Pronouns

A pronoun is a word that takes the place of a noun in a sentence. For example: I, he, she, they, his, her etc. There are many different types of pronouns:

Personal Pronouns - Personal pronoun describes a particular person or thing or group. We have three kinds of personal pronouns: first person, which describes the person speaking (I, My, Me), second person, which denotes the person spoken to (You, Your) and third person, which denotes the person or thing spoken about (Him, Her, It).

Reflexive Pronouns - A pronoun that reflects the action of the subject on the subject itself is called Reflexive Pronoun. Example: himself, herself, ourselves etc.

Emphatic Pronouns - These pronouns are used only for the purpose of emphasizing something. Example: He himself drove the car.
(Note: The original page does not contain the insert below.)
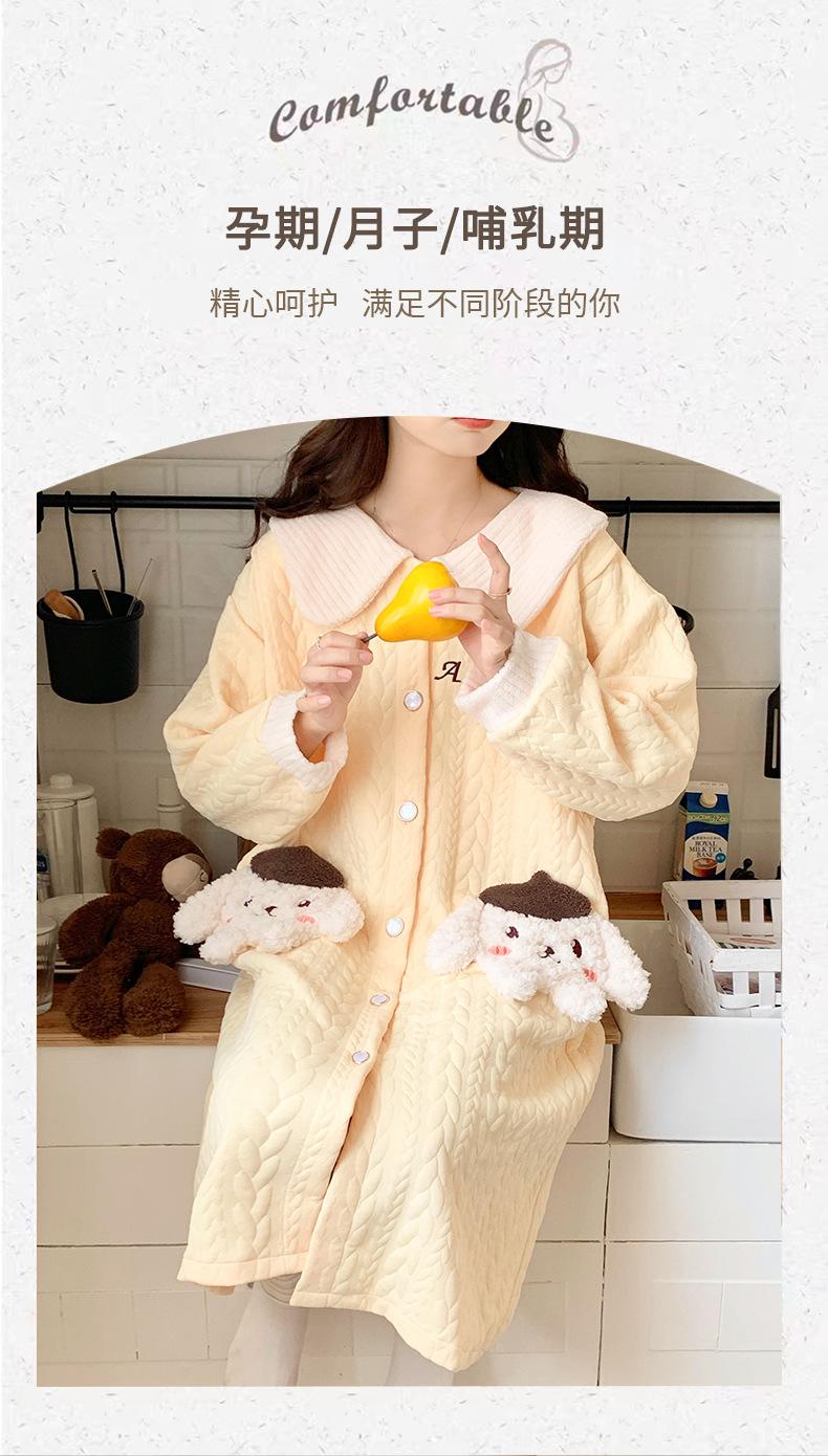 Falda de lactancia materna de otoño e invierno para embarazadas, ropa de luna tipo sándwich, pijamas gruesos para mujeres embarazadas posparto, falda larga de algodón de aire para el hogar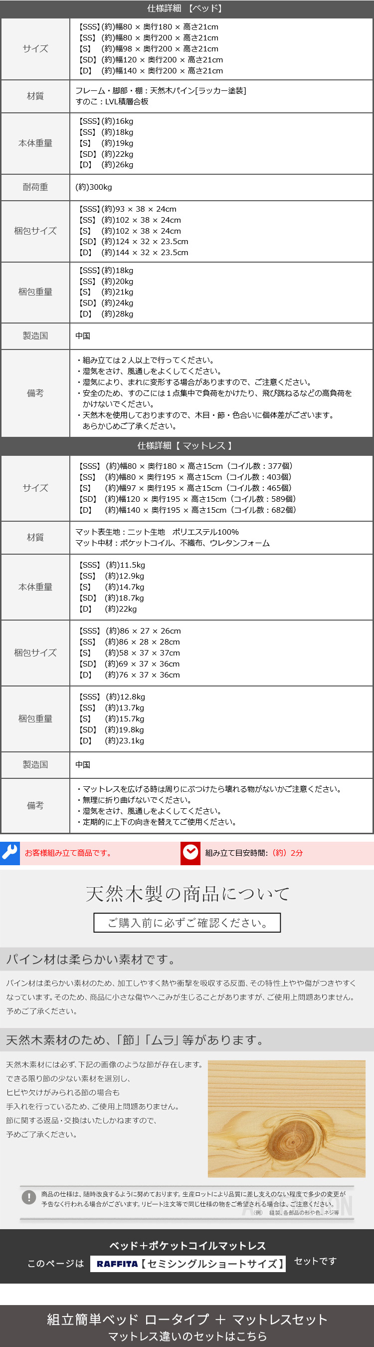 2分で完成!組立簡単ベッド ポケットコイルマットレスセット(セミシングルショート)

Demonstrative Pronouns - The pronouns that are used to point out the objects to which they refer are called Demonstrative Pronouns. Example: this, that, those etc.

Relative Pronouns - Relative Pronoun describes a noun which is mentioned before and more information is to be given about it. Example: He is the person who helped her.

Interrogative Pronouns – These pronouns are used in order to ask questions. Example: who, whom, which etc.

Indefinite Pronouns - Indefinite Pronouns refer to a person(s) or a thing(s) in a general way. These pronouns do not refer to any specific or particular person or thing. Example: somebody, nobody, many etc.

Distributive Pronouns - Distributive Pronouns refer to a single person or thing in a group, one at a time. They equally distribute attention to each unit in a group. Example: each, either, neither etc.

Reciprocal Pronouns - Reciprocal Pronouns denote reciprocal or mutual action. Example: each other and one another.